→ DIRECTIONS
Please return the data word for word and leave out any picture it contains.
DATA EXTRACTS: Begin
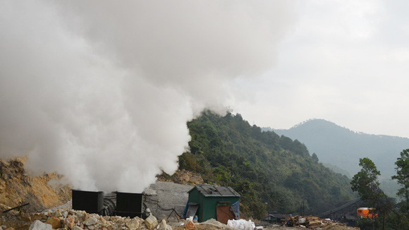 Khói vẫn bốc lên tại cửa thông gió của mỏ than bị cháy trong sáng 16-1
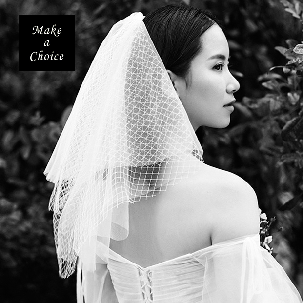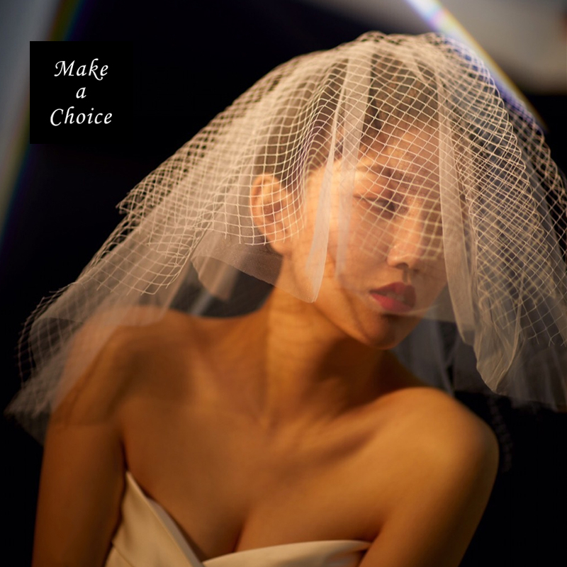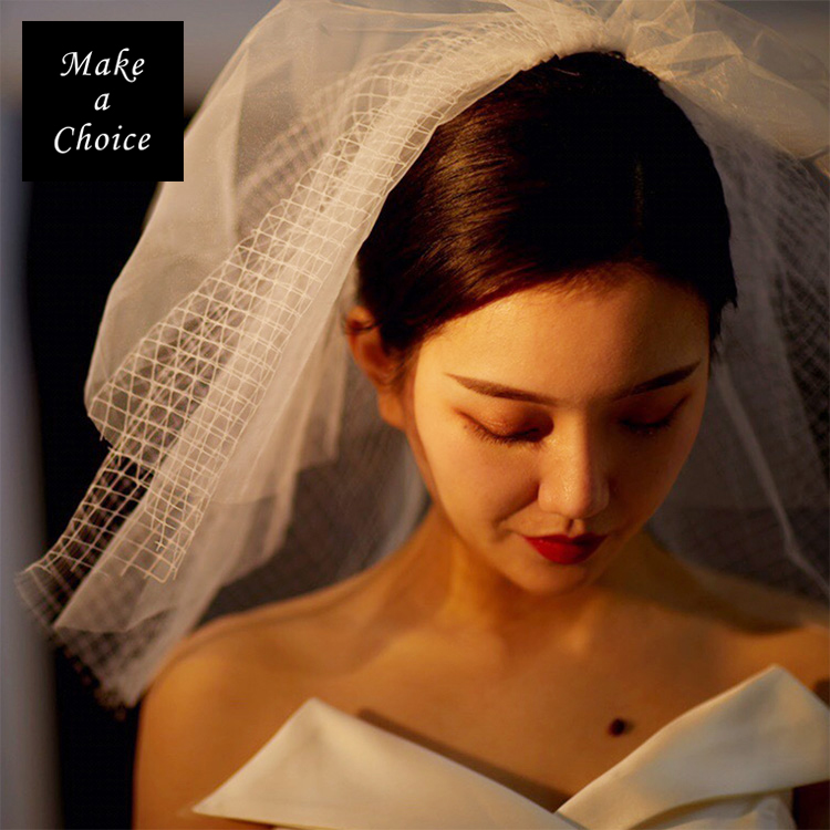 ★ 此款為60cm以下的短款頭紗,二層白紗+二層網格,最上層短白紗、網格可往前當做面紗 (可只掀短白紗當面紗,或短白紗+短網格當面紗....可以變化不同樣式,可依個人喜好感覺調整)。而且短頭紗可戴高戴低都有不同的效果。
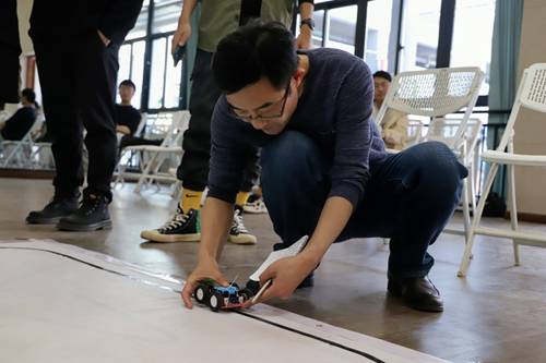 在比赛开始前,评委老师们先对小车的组装焊接以及外观设计等方面进行了点评。随后,由参赛选手们操控着自己的小车进行直线行驶。
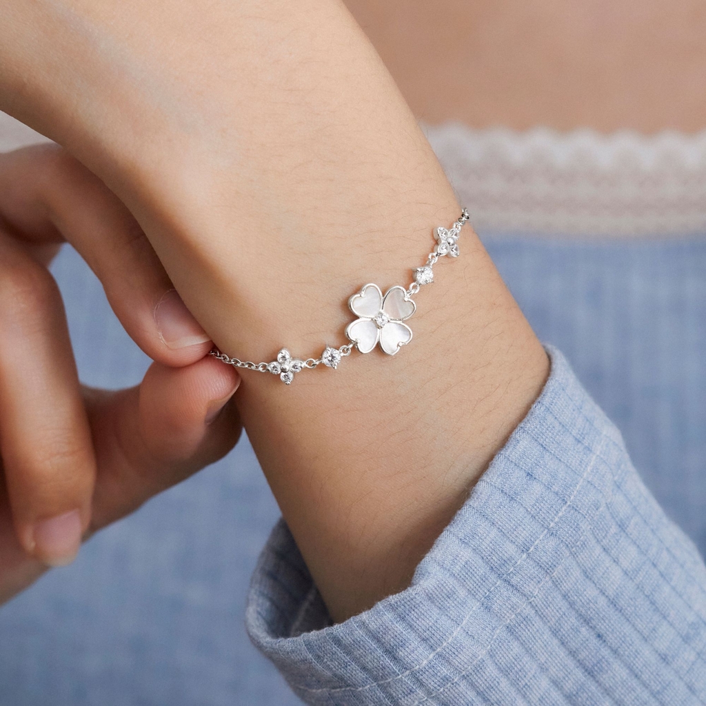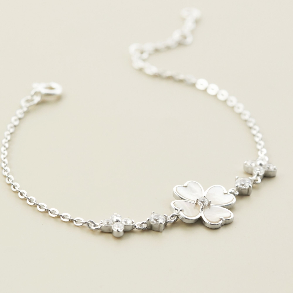 Thiết kế tinh xảo với chuỗi bạc mảnh mai được điểm xuyết hoa cỏ bốn lá cách điệu hình trái tim. Mỗi cánh hoa được phủ lớp trai xà cừ óng ánh, xen kẽ đá cz lấp lánh, tạo nên hiệu ứng sáng nhẹ nhàng và sang trọng. |
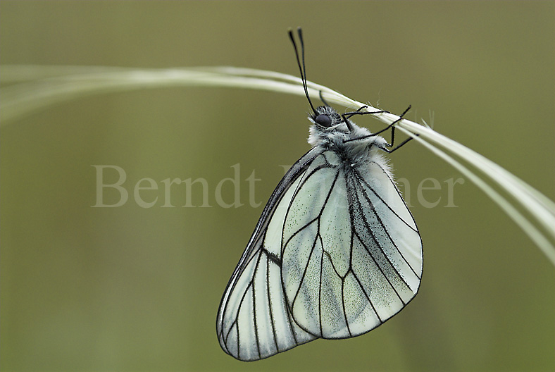 Baumweißling ruhend Federgras  - Zum Vergroessern klicken!
DATA EXTRACTS: End
→ SOLUTION
 Khói vẫn bốc lên tại cửa thông gió của mỏ than bị cháy trong sáng 16-1
 ★ 此款為60cm以下的短款頭紗,二層白紗+二層網格,最上層短白紗、網格可往前當做面紗 (可只掀短白紗當面紗,或短白紗+短網格當面紗....可以變化不同樣式,可依個人喜好感覺調整)。而且短頭紗可戴高戴低都有不同的效果。
 在比赛开始前,评委老师们先对小车的组装焊接以及外观设计等方面进行了点评。随后,由参赛选手们操控着自己的小车进行直线行驶。
 Thiết kế tinh xảo với chuỗi bạc mảnh mai được điểm xuyết hoa cỏ bốn lá cách điệu hình trái tim. Mỗi cánh hoa được phủ lớp trai xà cừ óng ánh, xen kẽ đá cz lấp lánh, tạo nên hiệu ứng sáng nhẹ nhàng và sang trọng. |
 Baumweißling ruhend Federgras  - Zum Vergroessern klicken!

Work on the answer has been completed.